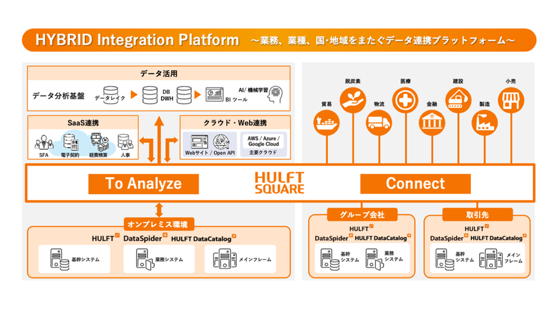 HULFT Squareは、DX実現に必要な「データ活用するためのデータ準備」や「業務システムをつなぐデータ連携」を支援する日本発iPaaS(クラウド型データ連携プラットフォーム)です。オンプレミス・クラウド・SaaSなどの環境に分散し管理されているさまざまなデータを、業務システム間、業種、国・地域をまたぎデータを連携させることができます。
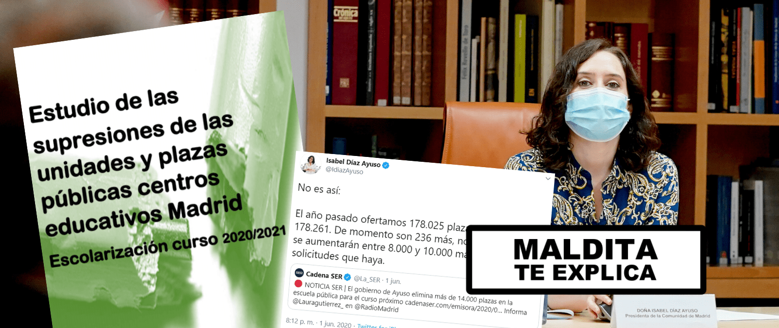 La presidenta de la Comunidad de Madrid, Isabel Díaz Ayuso, ha negado en Twitter que su Gobierno haya eliminado más de 14.000 plazas de algunos centros educativos públicos, tal y como adelantaba la Cadena Ser a partir de un informe realizado por Comisiones Obreras (CCOO). “No es así. El año pasado ofertamos 178.025 plazas y este año 178.261. De momento son 236 más, no 14.000 menos. Y se aumentarán entre 8.000 y 10.000 más según las solicitudes que haya”, ha explicado la presidenta. Sin embargo, los datos del informe de CCOO son sobre la escuela pública exclusivamente y Díaz Ayuso incluye en su respuesta los de la concertada. Os lo explicamos:
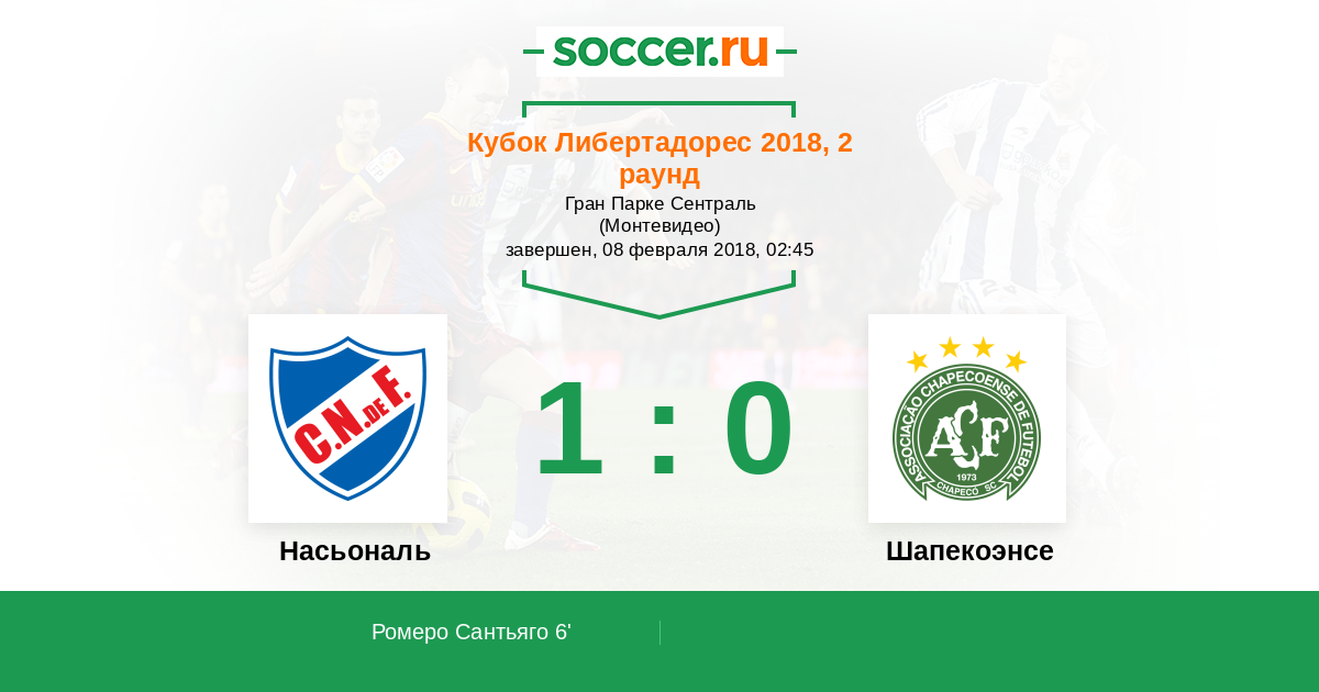 6' (1:0) Ромеро Сантьяго (19) (Пол Сунино (13))
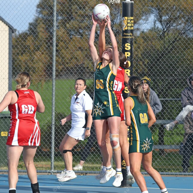 Balaklava’s star shooter Laura Daniel uses her length to pull in a high pass as defender Charli Thomson contests from behind. (499869_02)
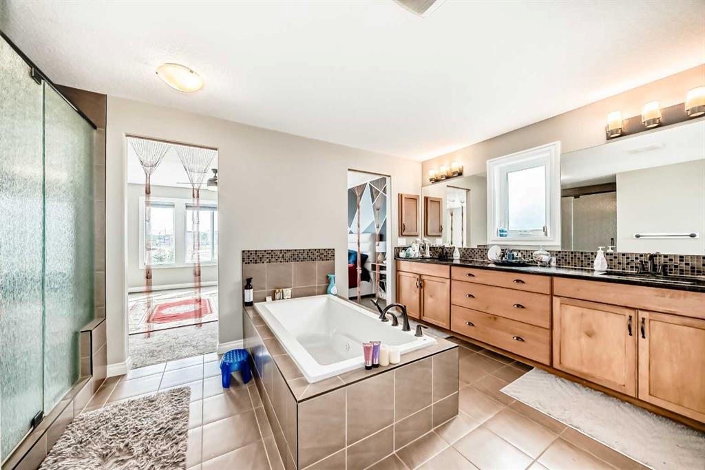 Three additional bright bedrooms—each with its own walk-in closet—share a well-appointed 5-piece bathroom with dual vanities and a wall-mounted mirror. The upper-level laundry room and large linen closet add everyday convenience.
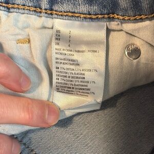 These American Eagle Outfitters jean shorts boast a trendy distressed look with a frayed hem and a classic blue wash. Perfect for casual outings, they offer a comfortable fit with a stylish worn-in appearance.
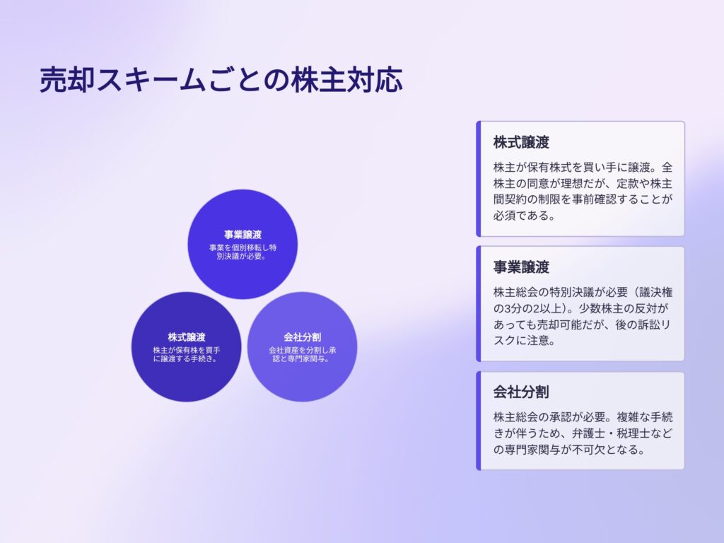 売却スキームごとの株主対応
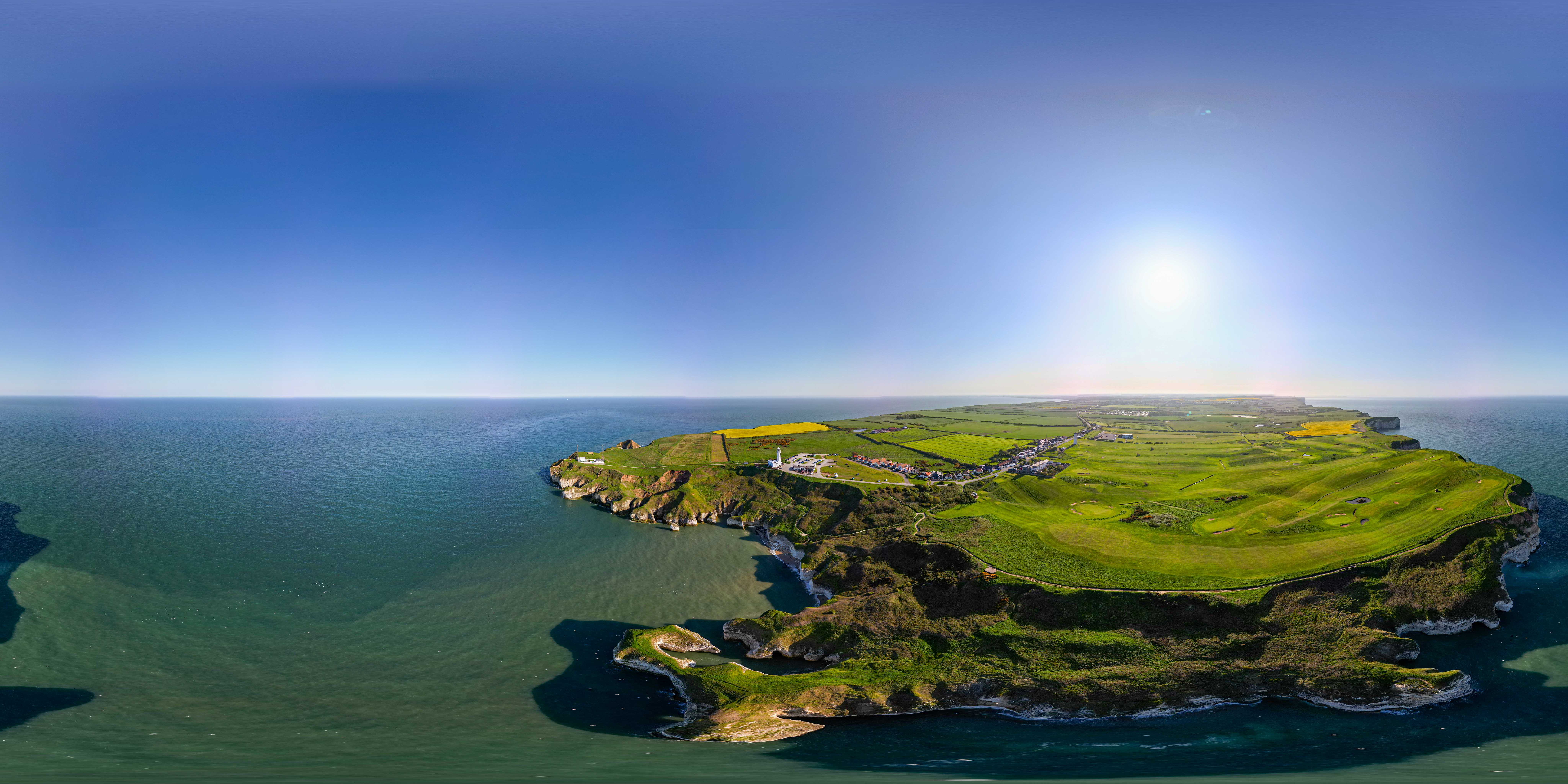 Panoramic aerial view of a lush green island surrounded by blue ocean under a clear sky in Flamborough, England

WHAT YOU HAVE TO DO
Line by line, write out the records above exactly, skipping the pictures.

COMPLETED TASK
 HULFT Squareは、DX実現に必要な「データ活用するためのデータ準備」や「業務システムをつなぐデータ連携」を支援する日本発iPaaS(クラウド型データ連携プラットフォーム)です。オンプレミス・クラウド・SaaSなどの環境に分散し管理されているさまざまなデータを、業務システム間、業種、国・地域をまたぎデータを連携させることができます。
 La presidenta de la Comunidad de Madrid, Isabel Díaz Ayuso, ha negado en Twitter que su Gobierno haya eliminado más de 14.000 plazas de algunos centros educativos públicos, tal y como adelantaba la Cadena Ser a partir de un informe realizado por Comisiones Obreras (CCOO). “No es así. El año pasado ofertamos 178.025 plazas y este año 178.261. De momento son 236 más, no 14.000 menos. Y se aumentarán entre 8.000 y 10.000 más según las solicitudes que haya”, ha explicado la presidenta. Sin embargo, los datos del informe de CCOO son sobre la escuela pública exclusivamente y Díaz Ayuso incluye en su respuesta los de la concertada. Os lo explicamos:
 6' (1:0) Ромеро Сантьяго (19) (Пол Сунино (13))
 Balaklava’s star shooter Laura Daniel uses her length to pull in a high pass as defender Charli Thomson contests from behind. (499869_02)
 Three additional bright bedrooms—each with its own walk-in closet—share a well-appointed 5-piece bathroom with dual vanities and a wall-mounted mirror. The upper-level laundry room and large linen closet add everyday convenience.
 These American Eagle Outfitters jean shorts boast a trendy distressed look with a frayed hem and a classic blue wash. Perfect for casual outings, they offer a comfortable fit with a stylish worn-in appearance.
 売却スキームごとの株主対応
 Panoramic aerial view of a lush green island surrounded by blue ocean under a clear sky in Flamborough, England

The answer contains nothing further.